◆ **WORK ITEM**:
For this exercise, copy exactly only the lines from the one containing "- Tặng 10 mẫu" to the final line of the material below, without the pictures.
*** Opening SOURCE DATA ***
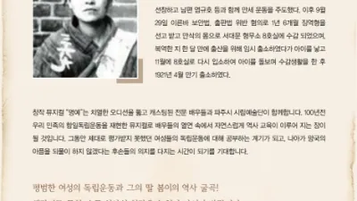 파주시, 창작뮤지컬‘명예’연말 공연 사전 예약 - 만삭의 독립운동가 임명애 지사 재조명 파주시는 오는 연말 공연될 창작 뮤지컬 명예의 원활한 관람을 위해 12월 2일부터 사회단체 및 학교, 군부대, 기업체 등의 단체관람 및...
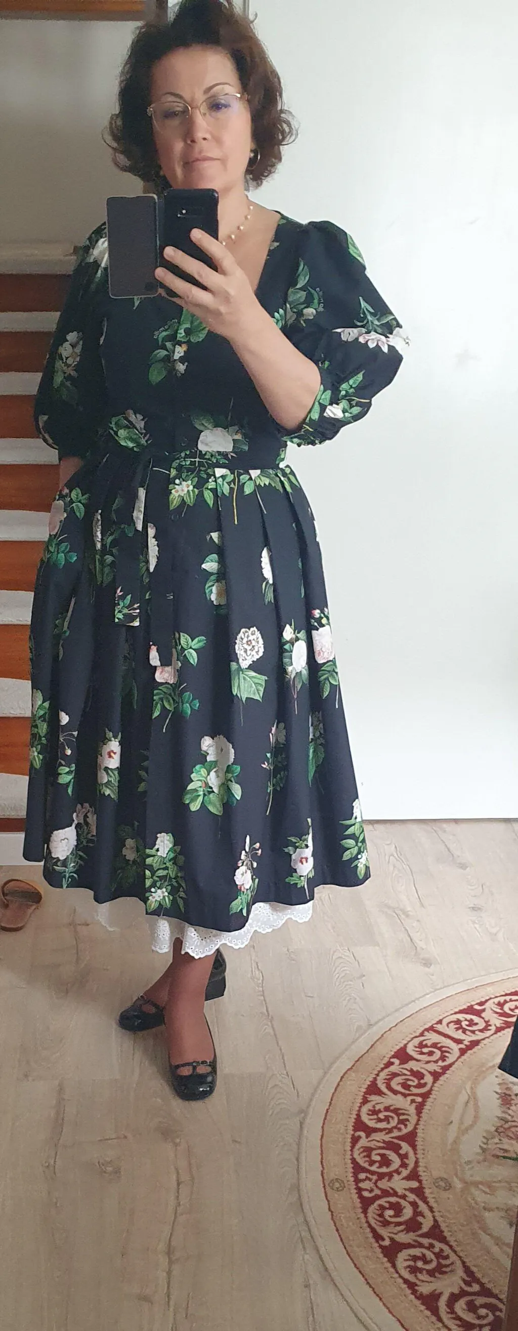 Rochia este superbă, un vis, deosebită, atent croita, finisaje impecabile, imprimeu feminin.
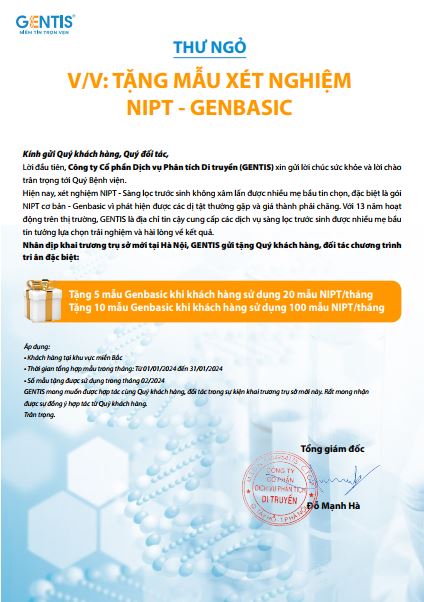 - Tặng 10 mẫu xét nghiệm NIPT - Genbasic khi khách hàng sử dụng 100 mẫu NIPT/ tháng
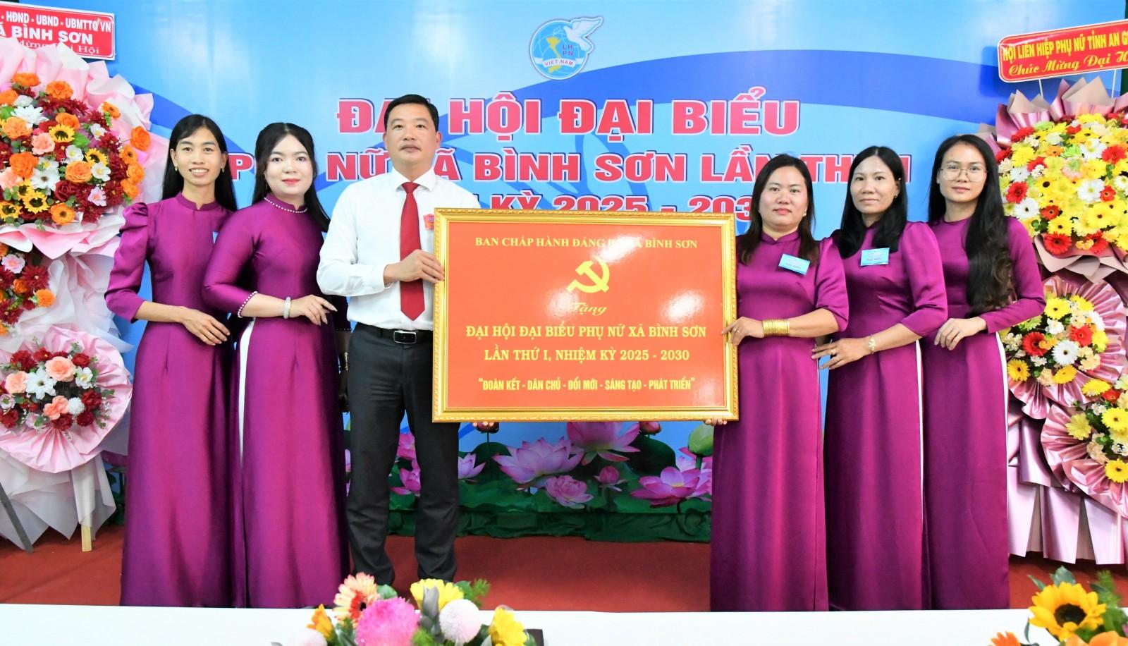 Bí thư Đảng ủy, Chủ tịch HĐND xã Bình Sơn Đỗ Hoài Thanh trao tặng bức trướng chúc mừng đại hội.
*** Closing SOURCE DATA ***
◆ **YOUR RESPONSE**:
 - Tặng 10 mẫu xét nghiệm NIPT - Genbasic khi khách hàng sử dụng 100 mẫu NIPT/ tháng
 Bí thư Đảng ủy, Chủ tịch HĐND xã Bình Sơn Đỗ Hoài Thanh trao tặng bức trướng chúc mừng đại hội.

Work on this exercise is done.